REQUIRED WORK —
Please output exactly the part of the records below that opens with the line containing "Mobiles Lesegerät zeigt" and closes with the line containing "Mit HyCS 2.0", both lines included, and nothing else.

DATA RECORDS —
---
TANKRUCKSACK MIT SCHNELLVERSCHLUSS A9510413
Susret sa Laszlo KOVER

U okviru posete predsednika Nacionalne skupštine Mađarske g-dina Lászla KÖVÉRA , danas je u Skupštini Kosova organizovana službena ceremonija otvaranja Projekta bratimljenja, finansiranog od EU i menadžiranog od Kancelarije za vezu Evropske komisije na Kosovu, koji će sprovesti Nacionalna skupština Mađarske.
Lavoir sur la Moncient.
---
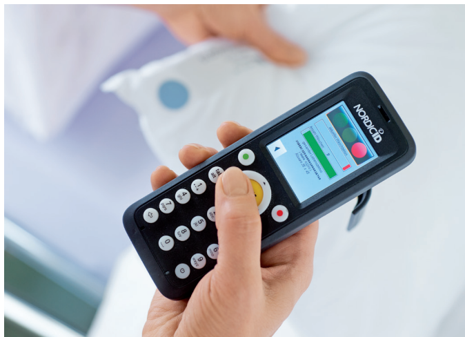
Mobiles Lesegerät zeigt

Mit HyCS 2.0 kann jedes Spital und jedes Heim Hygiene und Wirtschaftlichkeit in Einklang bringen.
---
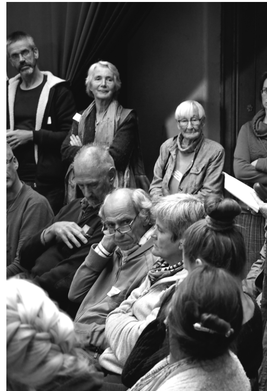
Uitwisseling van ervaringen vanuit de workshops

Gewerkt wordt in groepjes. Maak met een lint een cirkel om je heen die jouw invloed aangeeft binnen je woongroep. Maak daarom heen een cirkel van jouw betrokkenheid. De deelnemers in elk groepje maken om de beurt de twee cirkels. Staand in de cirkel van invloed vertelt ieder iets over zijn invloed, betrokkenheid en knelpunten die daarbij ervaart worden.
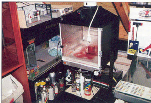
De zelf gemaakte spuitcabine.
---
WORKED SOLUTION —
Mobiles Lesegerät zeigt

Mit HyCS 2.0 kann jedes Spital und jedes Heim Hygiene und Wirtschaftlichkeit in Einklang bringen.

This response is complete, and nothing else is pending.